HD 41534

Observation data Epoch J2000.0 Equinox J2000.0 (ICRS)
- Constellation: Columba
- Right ascension: 06^{h} 04^{m} 20.26526^{s}
- Declination: −32° 10′ 20.7449″
- Apparent magnitude (V): 5.65

Characteristics
- Evolutionary stage: main sequence
- Spectral type: B2V
- U−B color index: −0.82
- B−V color index: −0.186±0.003

Astrometry
- Radial velocity (R_{v}): +93.0±3.7 km/s
- Proper motion (μ): RA: −16.439 mas/yr Dec.: +121.584 mas/yr
- Parallax (π): 3.4602±0.0631 mas
- Distance: 940 ± 20 ly (289 ± 5 pc)
- Absolute magnitude (M_{V}): −1.78

Details
- Mass: 6.9+0.75 −0.68 M_{☉}
- Radius: 3.90 R_{☉}
- Luminosity: 1621 L_{☉}
- Surface gravity (log g): 4.0±0.25 cgs
- Temperature: 20,000±1,000 K
- Rotational velocity (v sin i): 122 km/s
- Age: 14+13 −8 Myr
- Other designations: 72 G. Col, CD−32°1008, FK5 41534, GC 7708, HD 41534, HIP 28756, HR 2149, SAO 196459, PPM 282235, CCDM J06043-3210AB, WDS J06043-3210AB

Database references
- SIMBAD: data

= HD 41534 =

Binary star system in the constellation Columba

HD 41534 is a binary star system in the southern constellation of Columba. It is dimply visible to the naked eye with a combined apparent visual magnitude of 5.65. The distance to this system is approximately 940 light-years based on parallax, and it is receding from the Sun with a radial velocity of +93 km/s. This is a runaway star system with an unusually high peculiar velocity of 187.6±12.2 km/s. It is thought to have been ejected from the OB association Sco OB 1 approximately 14 million years ago.

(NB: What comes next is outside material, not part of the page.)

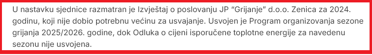 Tada na scenu stupa gradonačelnik Kasumović sa tvrdnjom da je odluka o povećanju cijene usvojena, jer su vijećnici većinom glasova podržali prethodnu tačku dnevnog reda koja glasi „Program organizovanja sezone grijanja 2025/26“, unutar koje je su pod stavkom „Planske cijene“ navedene povećane tarife usluga grijanja!?

The primary component is a B-type main-sequence star with a stellar classification of B2V. It displays microvariability with an amplitude of 0.0086 in magnitude and a frequency of 0.11316 cycles per day. The star is an estimated 14 million years old with a high rate of spin, showing a projected rotational velocity of 122. It has seven times the mass of the Sun and about four times the Sun's radius. HD 41534 is radiating over 1,600 times the luminosity of the Sun from its photosphere at an effective temperature of 20,000 K.